* [Task item]: Copy, exactly as written, the lines that begin at the one containing "Aiba uiha, nijisanji, 1girl, blue" and end at the one containing "UE在其下属网络平台SCOD". Skip any pictures in the data below.

*** Opening of Working data ***

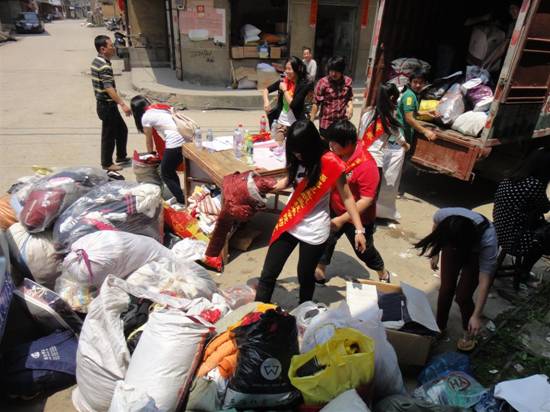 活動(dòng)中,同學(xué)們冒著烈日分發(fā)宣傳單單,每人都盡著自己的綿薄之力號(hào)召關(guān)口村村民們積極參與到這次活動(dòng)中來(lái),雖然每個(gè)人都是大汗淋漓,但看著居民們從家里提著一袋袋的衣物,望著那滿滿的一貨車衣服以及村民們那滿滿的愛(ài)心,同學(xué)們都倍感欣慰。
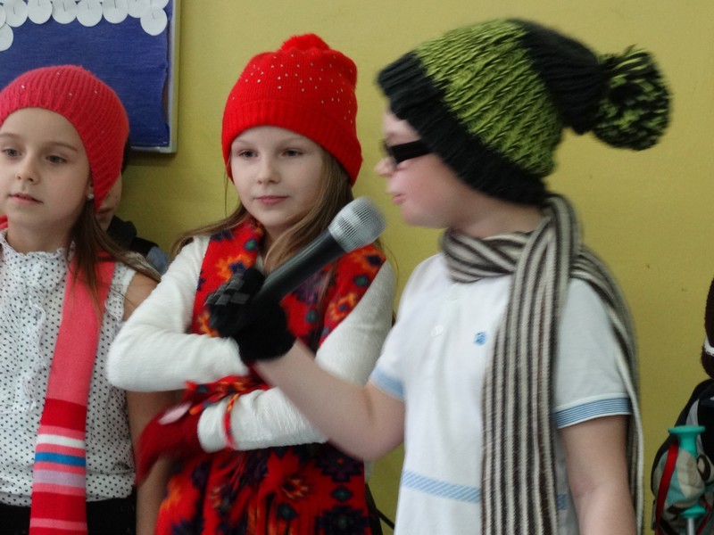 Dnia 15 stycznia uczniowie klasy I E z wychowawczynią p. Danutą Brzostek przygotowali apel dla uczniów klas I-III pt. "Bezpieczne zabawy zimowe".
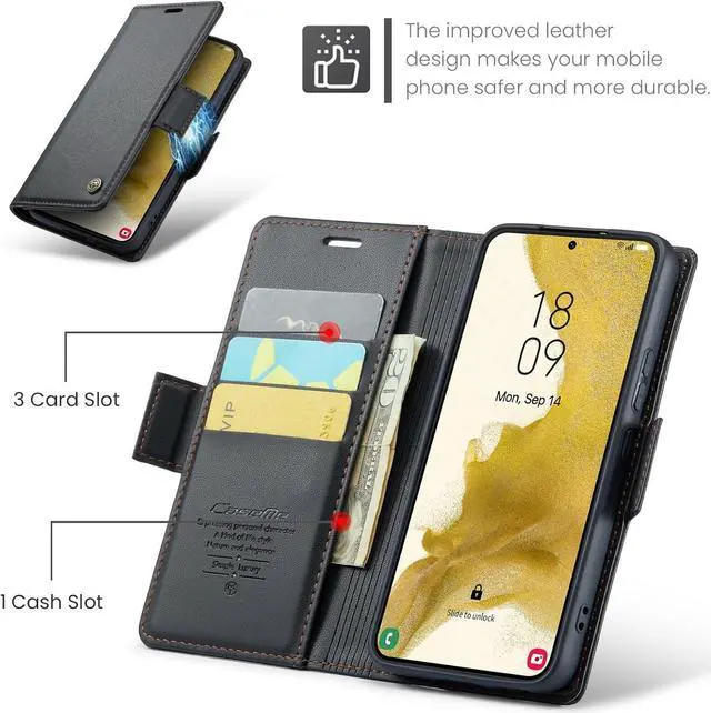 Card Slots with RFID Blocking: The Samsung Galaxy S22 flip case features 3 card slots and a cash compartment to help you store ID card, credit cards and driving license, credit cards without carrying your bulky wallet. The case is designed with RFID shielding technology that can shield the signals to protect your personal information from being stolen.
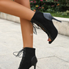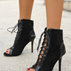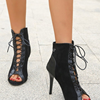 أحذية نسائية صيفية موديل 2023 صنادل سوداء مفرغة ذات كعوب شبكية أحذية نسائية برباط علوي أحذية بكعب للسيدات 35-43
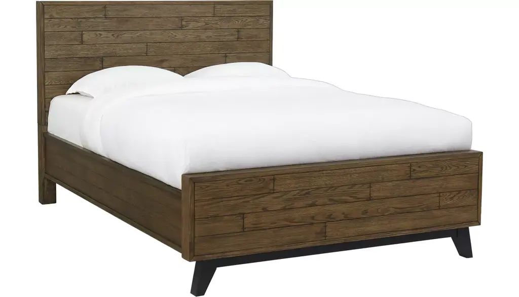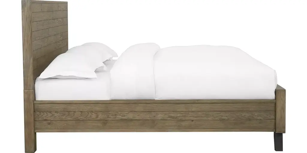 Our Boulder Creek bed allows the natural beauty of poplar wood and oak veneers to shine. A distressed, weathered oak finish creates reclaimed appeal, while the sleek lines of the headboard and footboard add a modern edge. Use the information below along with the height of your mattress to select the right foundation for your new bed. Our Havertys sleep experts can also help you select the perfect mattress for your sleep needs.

*** Close of Working data ***
*** Opening of Working data ***

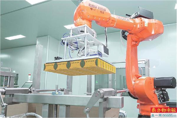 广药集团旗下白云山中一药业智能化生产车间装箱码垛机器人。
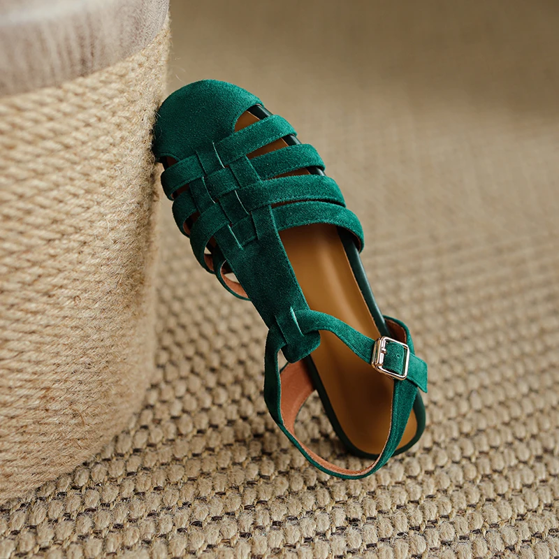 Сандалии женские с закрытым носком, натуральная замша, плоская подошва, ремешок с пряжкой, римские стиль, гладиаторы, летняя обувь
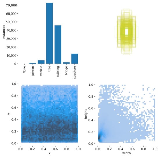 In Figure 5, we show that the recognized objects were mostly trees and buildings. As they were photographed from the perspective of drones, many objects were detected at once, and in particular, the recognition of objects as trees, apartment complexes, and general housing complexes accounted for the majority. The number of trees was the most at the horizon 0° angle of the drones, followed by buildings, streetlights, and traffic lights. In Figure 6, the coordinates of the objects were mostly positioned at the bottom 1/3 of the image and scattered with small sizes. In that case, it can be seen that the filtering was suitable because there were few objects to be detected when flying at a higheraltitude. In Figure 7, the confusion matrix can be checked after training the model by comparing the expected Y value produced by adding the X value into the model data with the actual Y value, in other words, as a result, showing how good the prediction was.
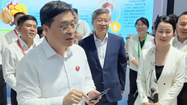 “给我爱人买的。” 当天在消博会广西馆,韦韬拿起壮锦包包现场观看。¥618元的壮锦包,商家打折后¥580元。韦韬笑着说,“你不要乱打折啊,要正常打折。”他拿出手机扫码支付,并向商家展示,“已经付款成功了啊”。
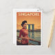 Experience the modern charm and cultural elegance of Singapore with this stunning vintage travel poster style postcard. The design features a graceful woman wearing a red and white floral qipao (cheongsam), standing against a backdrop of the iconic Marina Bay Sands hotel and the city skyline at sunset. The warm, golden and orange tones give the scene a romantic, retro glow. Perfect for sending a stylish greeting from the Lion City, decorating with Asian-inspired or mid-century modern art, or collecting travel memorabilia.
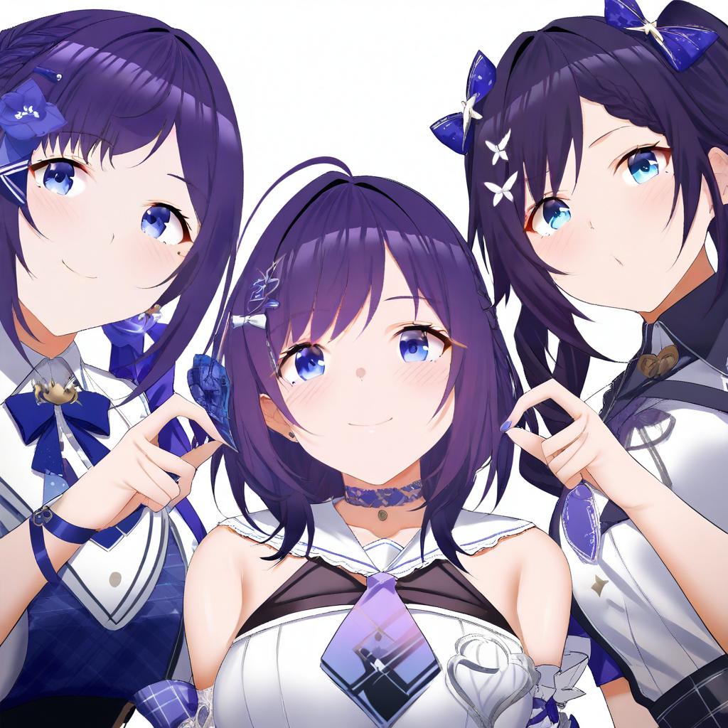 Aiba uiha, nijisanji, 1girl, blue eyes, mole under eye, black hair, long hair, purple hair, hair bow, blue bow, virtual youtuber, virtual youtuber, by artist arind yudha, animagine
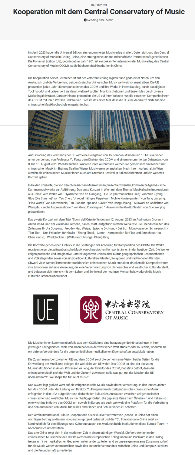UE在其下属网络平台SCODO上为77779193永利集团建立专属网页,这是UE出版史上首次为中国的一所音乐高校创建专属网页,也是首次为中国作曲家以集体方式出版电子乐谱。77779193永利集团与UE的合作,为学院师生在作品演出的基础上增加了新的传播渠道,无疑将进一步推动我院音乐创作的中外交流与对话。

*** Close of Working data ***

* [Written reply]:
 Aiba uiha, nijisanji, 1girl, blue eyes, mole under eye, black hair, long hair, purple hair, hair bow, blue bow, virtual youtuber, virtual youtuber, by artist arind yudha, animagine
UE在其下属网络平台SCODO上为77779193永利集团建立专属网页,这是UE出版史上首次为中国的一所音乐高校创建专属网页,也是首次为中国作曲家以集体方式出版电子乐谱。77779193永利集团与UE的合作,为学院师生在作品演出的基础上增加了新的传播渠道,无疑将进一步推动我院音乐创作的中外交流与对话。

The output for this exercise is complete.